Reed Smith Newsletters

2024 was a busy year for the U.S. Securities and Exchange Commission (SEC), with the agency filing 583 total enforcement actions and obtaining record-breaking penalties totaling $8.2 billion. But with President Trump’s return to the White House, it was clear that change would occur at the SEC.

The SEC has now made clear where its enforcement priorities lie: traditional core enforcement areas. Based on the SEC’s recent activity and key regulatory and enforcement priorities announced at SEC Speaks 2025 in late May 2025, below we set out the SEC’s focus so that our clients can identify core areas of risk and adapt to the agency’s evolving expectations.

Enforcement priorities

At SEC Speaks 2025, senior SEC officials emphasized a “bread and butter” and “back to basics” enforcement focus. The SEC’s Division of Enforcement signaled that it intends to refocus on traditional core enforcement areas, including the following: (1) insider trading; (2) accounting and disclosure fraud; (3) market manipulation; and (4) breaches of fiduciary duties by investment advisers. The SEC will further prioritize matters that involve harm to investors and dangerous foreign actors, with greater emphasis on individual accountability going forward.
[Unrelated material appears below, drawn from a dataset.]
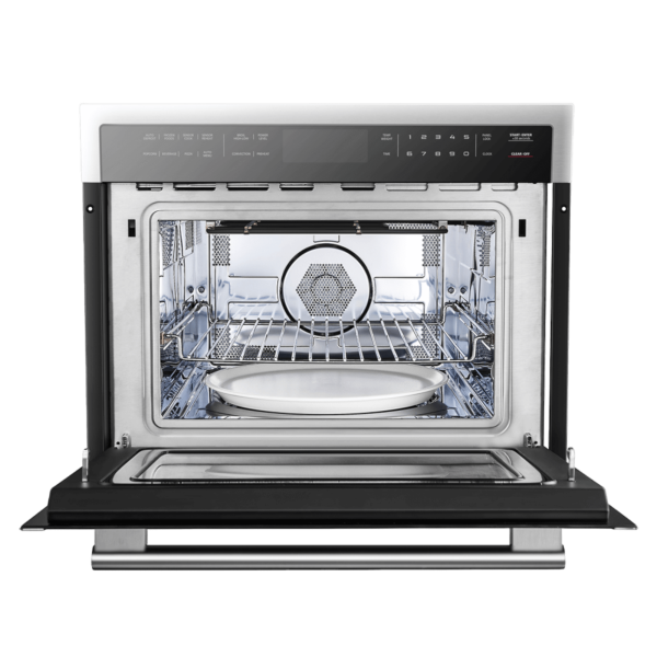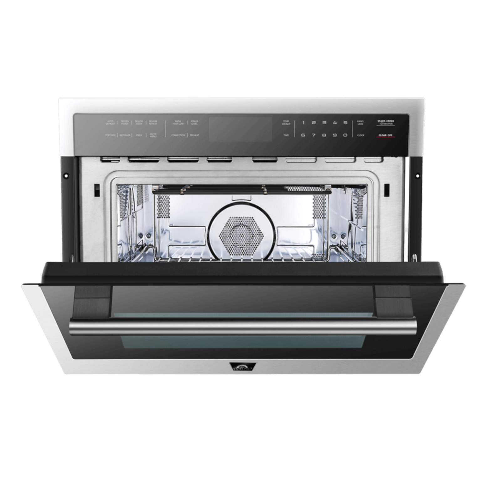 The Forno Oliena a stylish and practical 24-Inch 1.6 cu.ft. Microwave & Convection Oven. Its stainless-steel interior makes cleaning a breeze, while the easy-to-use controls let you seamlessly switch between microwave and oven functions. With 1,000 watts of cooking power, you can boil water in just 1 minute and 50 seconds using standard microwave settings. The glass touch controls and LED display make it simple to navigate through various microwave modes like defrost, popcorn, beverage, sensor cooking, or auto menu. In oven mode, enjoy the versatility of true convection at 1,700 watts, along with a broil function of 1,750 watts and a bake element of 600 watts—perfect for cooking individual dishes without having to use the main oven. Plus, the Rapid Preheat mode reduces waiting times, ensuring your meals are ready faster. Experience convenience and efficiency with our multi-functional microwave and convection oven combo.

Below, we highlight recent actions in each of the SEC’s core enforcement areas to illustrate the type of “bread and butter” matters that the SEC has in mind.

1. Insider trading

SEC v. Safi

On March 4, 2025, the SEC charged German national Eamma Safi and Singaporean national Zhi Ge with violating Section 10(b) of the Securities Exchange Act of 1934 and Rule 10b-5 for allegedly engaging in an international insider trading scheme that generated over $17.5 million in illegal profits. The complaint, filed in the U.S. District Court for the District of Massachusetts, alleges that from 2017 to 2024, Safi obtained material nonpublic information from corporate insiders and investment bankers about planned corporate transactions, acquisition offers, and earnings announcements for U.S. and foreign public companies trading on foreign exchanges with American depositary receipts (ADRs).

The complaint further alleges that Safi tipped Ge and another individual referred to as “Trader A” using disappearing messages on Telegram, a cloud-based application that stores user data in encrypted form and permits users to set messages and photographs to disappear within a set period. According to the SEC, the charged individuals purchased stock, call options, ADRs, and/or contracts for difference, with Safi also receiving kickbacks from Trader A. In furtherance of the alleged scheme, the SEC alleges that Safi also leaked material nonpublic information to journalists and news outlets so that Safi and the other scheme participants could trade around the market reaction to the publication of the information rather than waiting for corporate press releases. The complaint seeks injunctions, disgorgement, prejudgment interest, and civil penalties. The U.S. Attorney’s Office for the District of Massachusetts also brought a parallel criminal action against Safi and Ge on March 4, 2025.